▶ **Problem description**
A precise copy of the data is required, with every picture left out.

▶ **Given information**
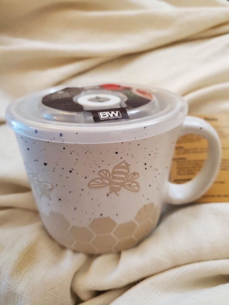 Honey bee design. 20 ounce ceramic mug with plastic lid and timer. Dishwasher, oven, and microwave safe. BPA free. Great gift for anyone and any occasion including soup, coffee, and tea lovers! Diseño de abejas. Taza de cerámica de 20 onzas con tapa de plástico y temporizador. Apto para máquinas de lavaplatos, horno y microondas. Libre de BPA. ¡Gran idea de regalo para cualquier ocasión y cualquier persona, incluidos los amantes de la sopa, el café y el té!
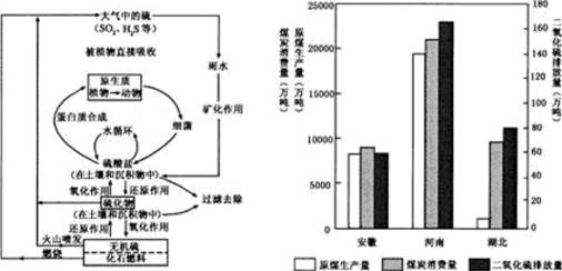 1、单选题 下左图为生态系统中的硫循环示意图,右图为我国三省原煤生产量、煤炭消费量和二氧化硫排放量柱状图。读图回答问题。
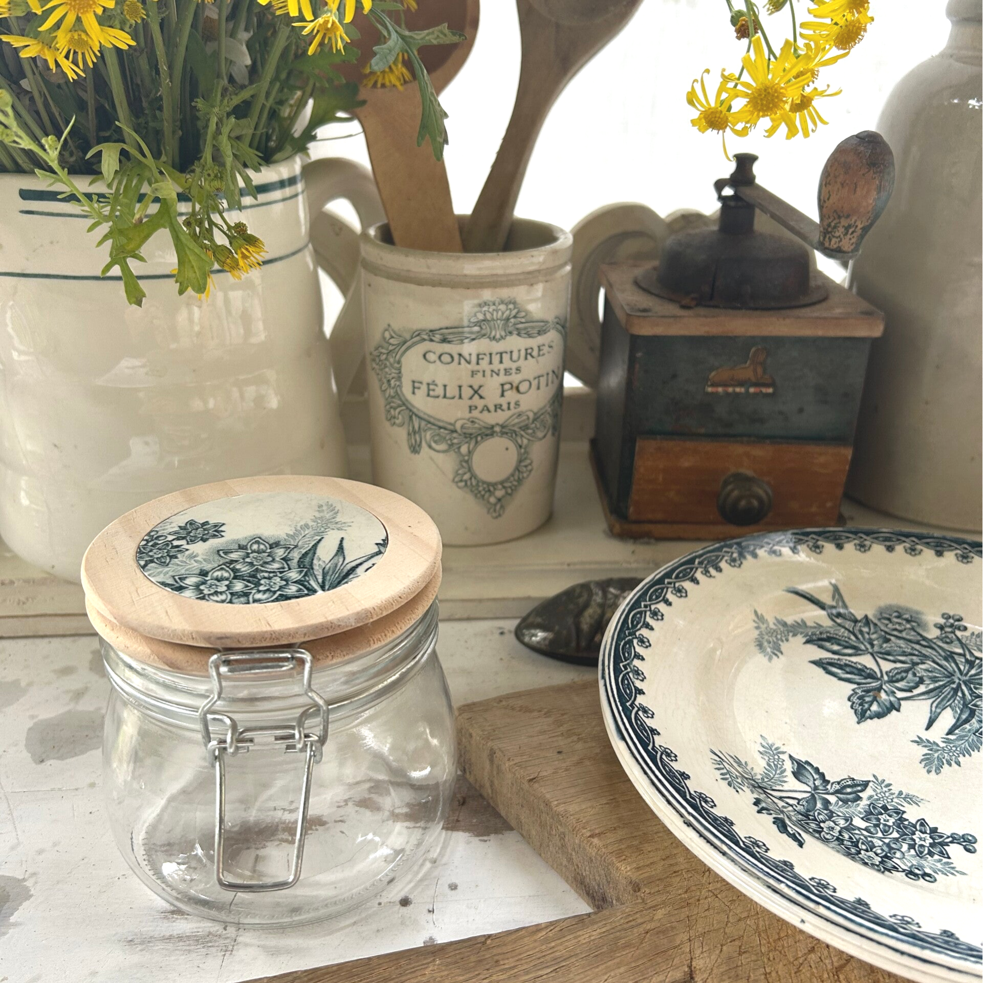 Pots de conservation en verre , agrémenté de motifs de fleurs

▶ **Solved exercise**
 Honey bee design. 20 ounce ceramic mug with plastic lid and timer. Dishwasher, oven, and microwave safe. BPA free. Great gift for anyone and any occasion including soup, coffee, and tea lovers! Diseño de abejas. Taza de cerámica de 20 onzas con tapa de plástico y temporizador. Apto para máquinas de lavaplatos, horno y microondas. Libre de BPA. ¡Gran idea de regalo para cualquier ocasión y cualquier persona, incluidos los amantes de la sopa, el café y el té!
 1、单选题 下左图为生态系统中的硫循环示意图,右图为我国三省原煤生产量、煤炭消费量和二氧化硫排放量柱状图。读图回答问题。
 Pots de conservation en verre , agrémenté de motifs de fleurs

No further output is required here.